- **Problem details**
Return every line of the records, exact and in full, until you have returned the line with "本项目我们用yml文件来写配", and include none of the pictures.

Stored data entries
[Start of section]

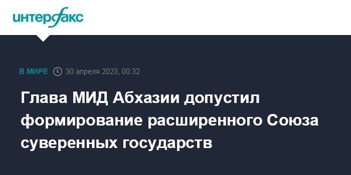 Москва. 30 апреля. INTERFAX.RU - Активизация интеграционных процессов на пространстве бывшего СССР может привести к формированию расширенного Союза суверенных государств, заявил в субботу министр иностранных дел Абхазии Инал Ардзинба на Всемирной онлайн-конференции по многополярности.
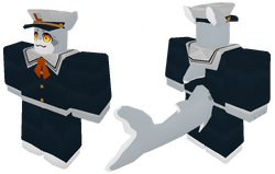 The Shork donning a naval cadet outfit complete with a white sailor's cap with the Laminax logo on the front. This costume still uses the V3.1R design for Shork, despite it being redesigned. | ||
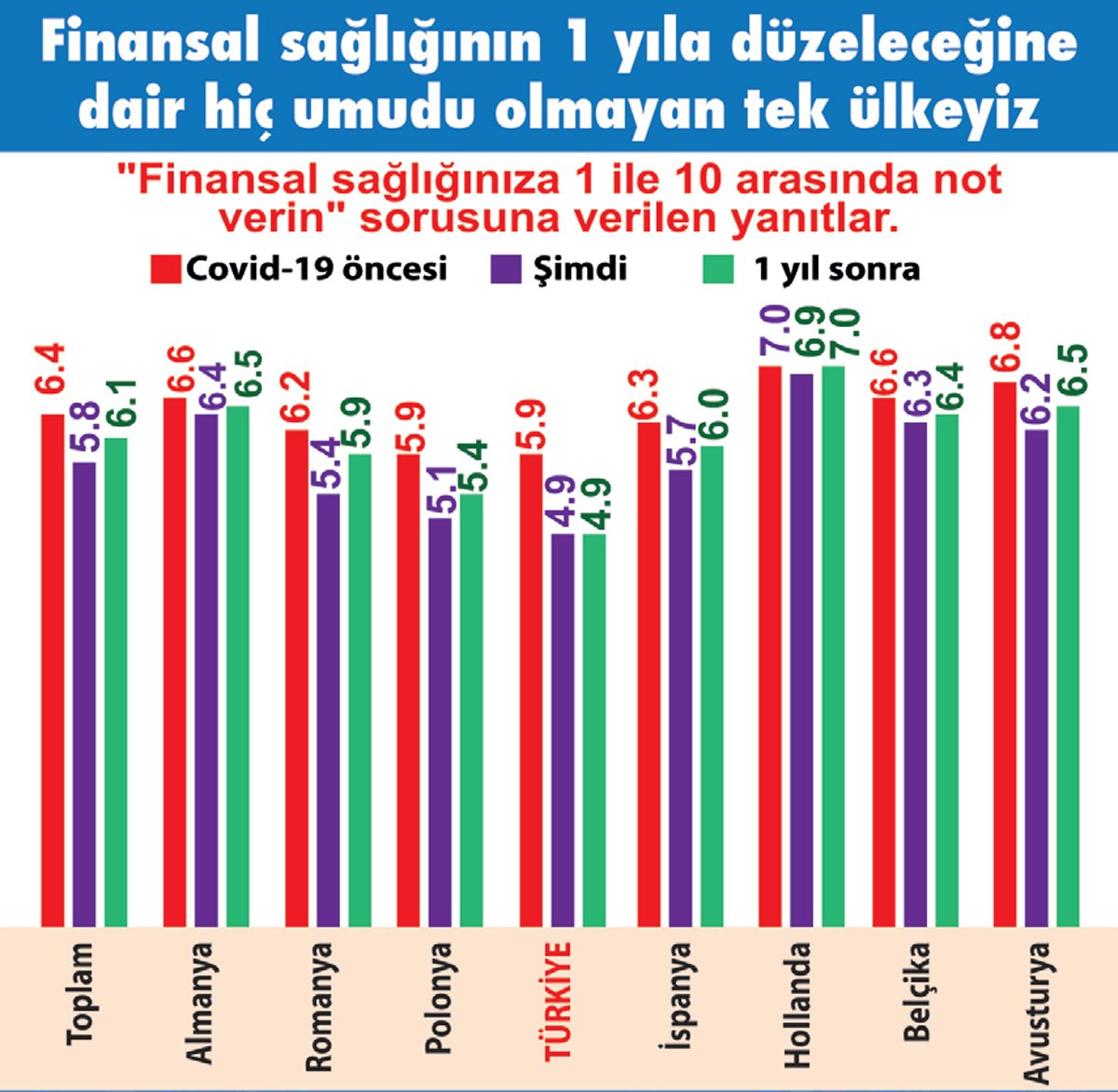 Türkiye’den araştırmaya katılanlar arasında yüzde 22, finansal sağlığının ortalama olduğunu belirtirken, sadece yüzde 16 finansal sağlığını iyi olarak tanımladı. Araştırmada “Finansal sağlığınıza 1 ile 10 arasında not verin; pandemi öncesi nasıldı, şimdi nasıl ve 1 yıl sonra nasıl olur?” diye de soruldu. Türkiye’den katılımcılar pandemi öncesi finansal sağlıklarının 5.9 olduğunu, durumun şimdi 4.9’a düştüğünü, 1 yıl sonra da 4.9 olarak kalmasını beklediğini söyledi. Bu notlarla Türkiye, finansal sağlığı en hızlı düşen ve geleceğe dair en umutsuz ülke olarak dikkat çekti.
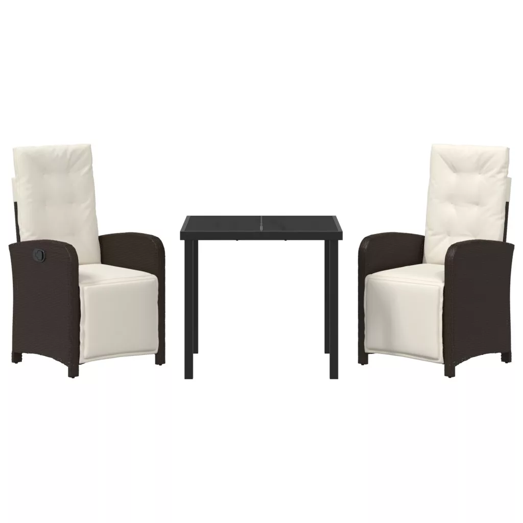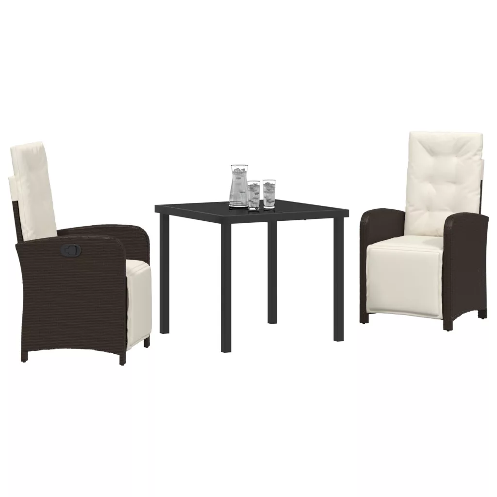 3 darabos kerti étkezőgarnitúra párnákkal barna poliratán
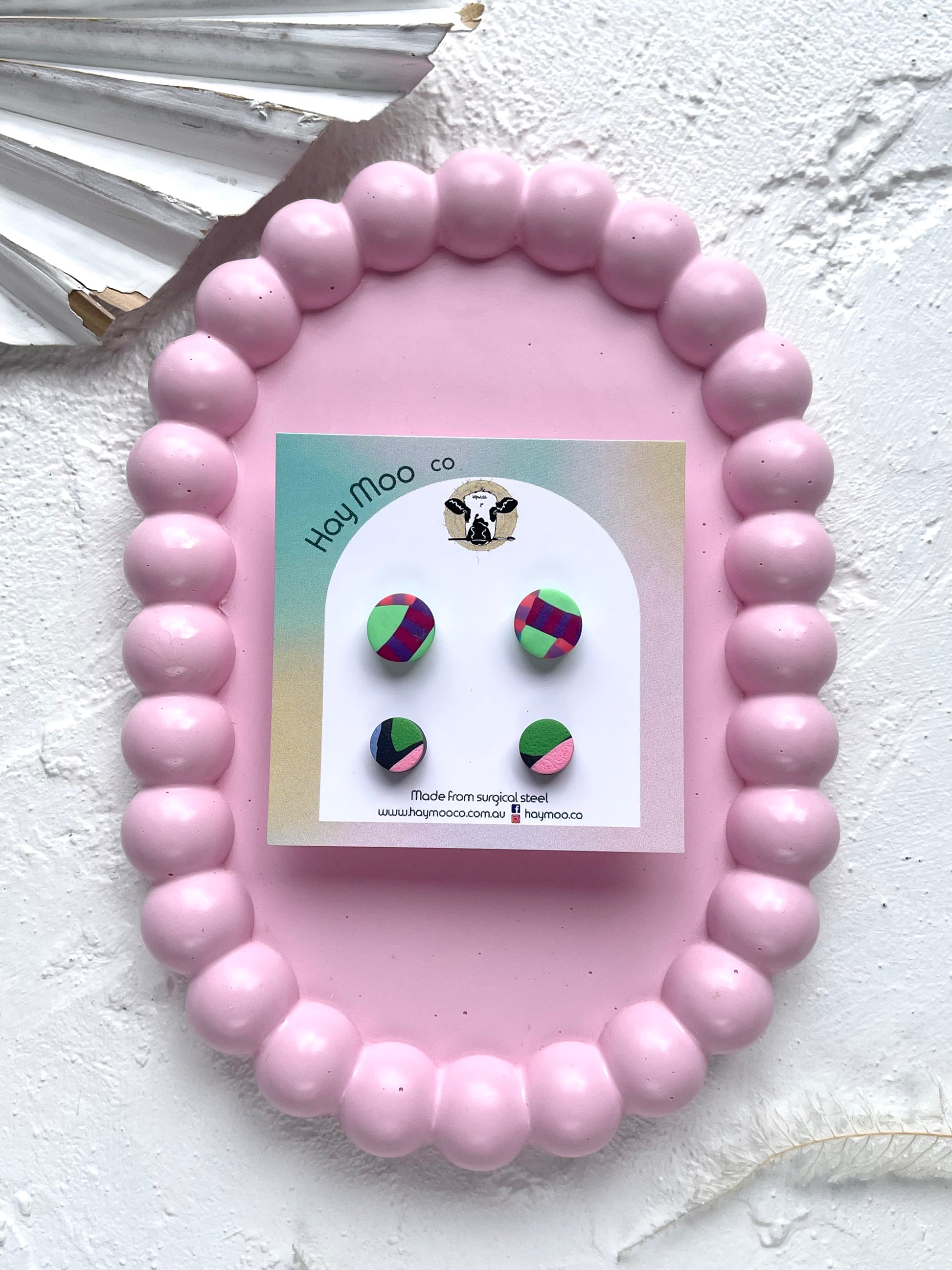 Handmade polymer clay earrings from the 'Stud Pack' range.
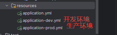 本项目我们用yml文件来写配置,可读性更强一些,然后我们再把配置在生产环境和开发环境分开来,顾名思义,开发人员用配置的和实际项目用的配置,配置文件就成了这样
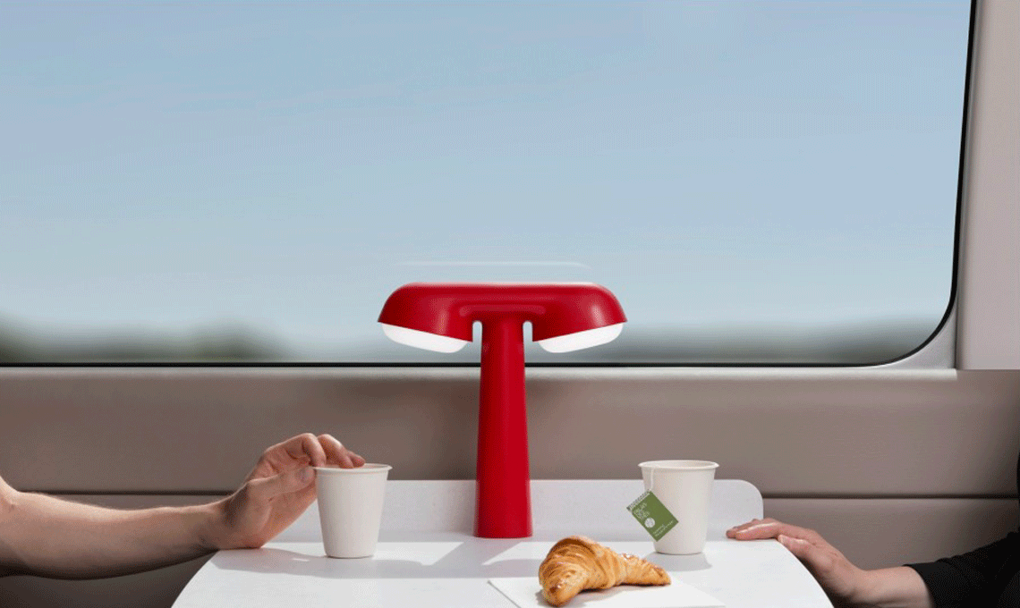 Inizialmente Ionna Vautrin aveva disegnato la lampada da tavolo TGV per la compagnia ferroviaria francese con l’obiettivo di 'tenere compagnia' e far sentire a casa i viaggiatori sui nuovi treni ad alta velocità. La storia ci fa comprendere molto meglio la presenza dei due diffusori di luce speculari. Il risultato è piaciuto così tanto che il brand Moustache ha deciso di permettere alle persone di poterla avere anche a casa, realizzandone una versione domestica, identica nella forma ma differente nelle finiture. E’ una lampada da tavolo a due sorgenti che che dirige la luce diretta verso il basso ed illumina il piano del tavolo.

[End of section]

- **Output below**
 Москва. 30 апреля. INTERFAX.RU - Активизация интеграционных процессов на пространстве бывшего СССР может привести к формированию расширенного Союза суверенных государств, заявил в субботу министр иностранных дел Абхазии Инал Ардзинба на Всемирной онлайн-конференции по многополярности.
 The Shork donning a naval cadet outfit complete with a white sailor's cap with the Laminax logo on the front. This costume still uses the V3.1R design for Shork, despite it being redesigned. | ||
 Türkiye’den araştırmaya katılanlar arasında yüzde 22, finansal sağlığının ortalama olduğunu belirtirken, sadece yüzde 16 finansal sağlığını iyi olarak tanımladı. Araştırmada “Finansal sağlığınıza 1 ile 10 arasında not verin; pandemi öncesi nasıldı, şimdi nasıl ve 1 yıl sonra nasıl olur?” diye de soruldu. Türkiye’den katılımcılar pandemi öncesi finansal sağlıklarının 5.9 olduğunu, durumun şimdi 4.9’a düştüğünü, 1 yıl sonra da 4.9 olarak kalmasını beklediğini söyledi. Bu notlarla Türkiye, finansal sağlığı en hızlı düşen ve geleceğe dair en umutsuz ülke olarak dikkat çekti.
 3 darabos kerti étkezőgarnitúra párnákkal barna poliratán
 Handmade polymer clay earrings from the 'Stud Pack' range.
 本项目我们用yml文件来写配置,可读性更强一些,然后我们再把配置在生产环境和开发环境分开来,顾名思义,开发人员用配置的和实际项目用的配置,配置文件就成了这样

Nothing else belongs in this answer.